Graham Neubig (Nara Institute of Science and Technology) — Simultaneous Speech Translation
Baltimore, MD, 21218
Speech translation is an application of machine translation that converts utterances from the speaker’s language into the listener’s language. One of the most identifying features of speech translation is the fact that it must be performed in real time while the speaker is speaking, and thus it is necessary to split a constant stream of words into translatable segments before starting the translation process. “Simultaneous speech translation” is a line of research that investigates how to perform this segmentation and translation with minimal delay, presenting the translation results to the user as soon as possible. However, because this entails potentially starting translation before the speaker has spoken the whole sentence, it is often necessary to translate before recieving a syntactically or semantically complete unit, and methods to maintain translation accuracy in these adversary conditions are necessary.
In this talk, I will present four major threads of work in simultaneous speech translation covering (1) segmentation strategies, which decide when it is appropriate to start translation, (2) prediction methods, which attempt to predict content that the user has not yet spoken, (3) rewording, which changes the standard way of wording output to make it more conducive to low-latency translation, and (4) evaluation, which attempts to make clear just how important speed and accuracy are in the simultaneous speech translation task.

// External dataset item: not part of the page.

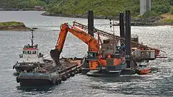 - Plattform mit teleskopierbaren Stützen, die bis auf den Gewässergrund abgesenkt werden können. Dadurch entsteht eine stabile, von Wasserbewegungen unabhängige Arbeitsfläche. Für Positionsveränderungen werden die Stützen eingefahren, und die Hubinsel kann per Schlepper an einen neuen Einsatzort gebracht werden.
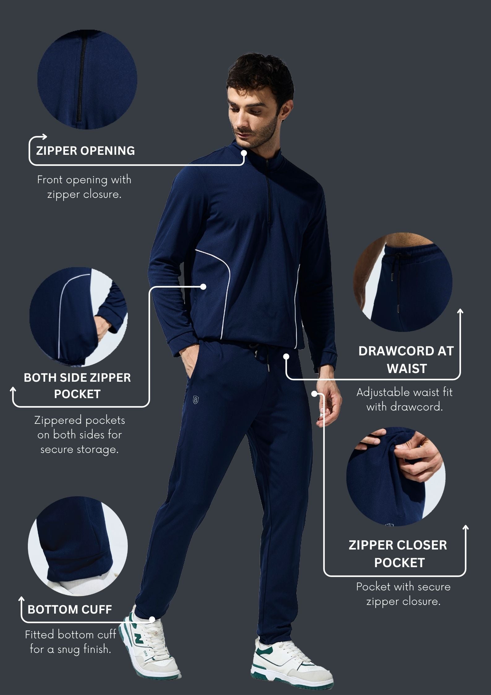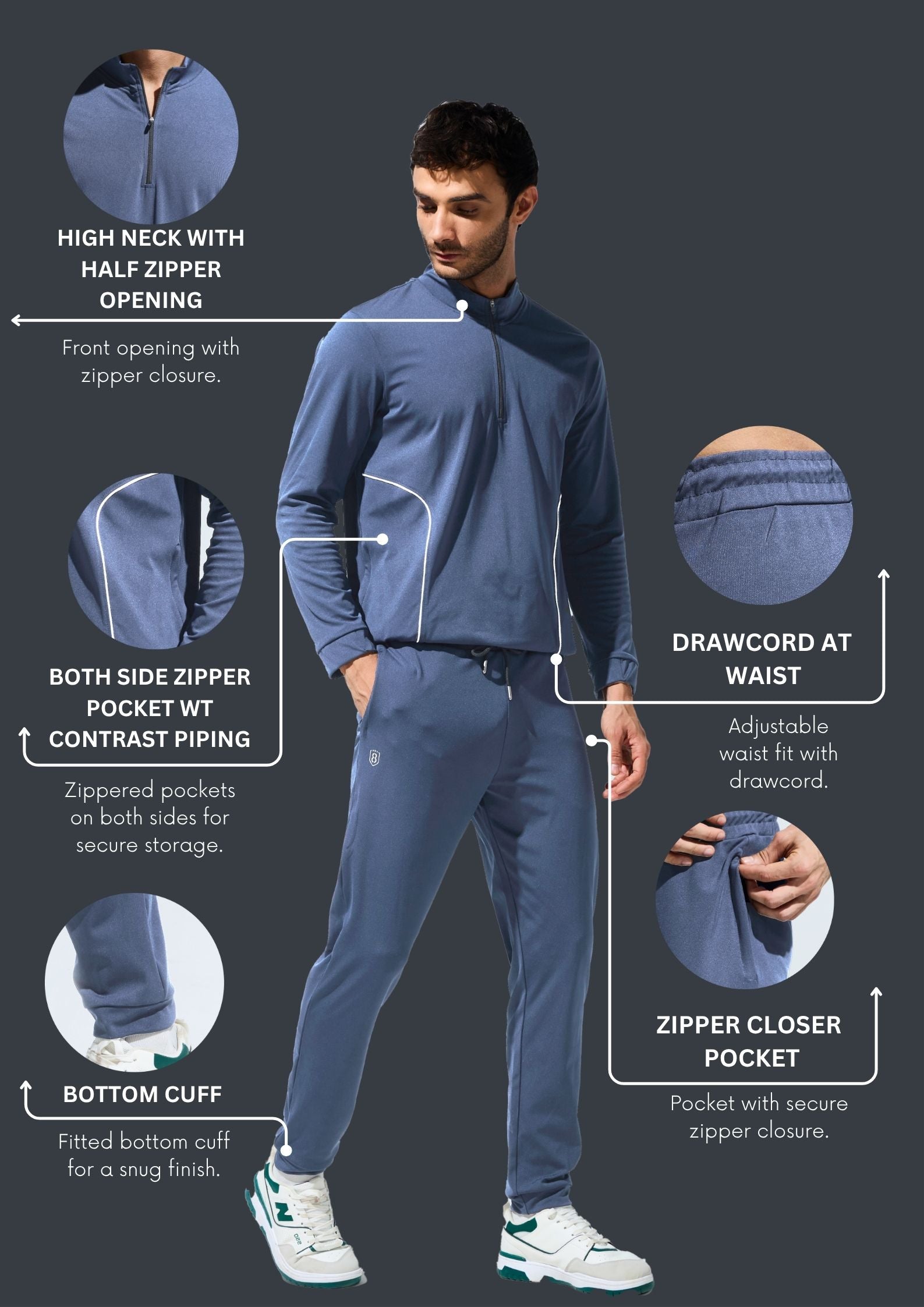 Men's High Neck Breathable Sports Tracksuit with Contrast Piping & Pockets

Graham Neubig received his B.E. from University of Illinois, Urbana-Champaign, U.S.A, in 2005, and his M.E. and Ph.D. in informatics from Kyoto University, Kyoto, Japan in 2010 and 2012 respectively. He is currently an assistant professor at the Nara Institute of Science an Technology, Nara, Japan. His research interests include natural language and speech processing, with a focus on machine learning approaches for applications such as machine translation, spoken language analysis, spoken dialog, and syntactic/semantic parsing.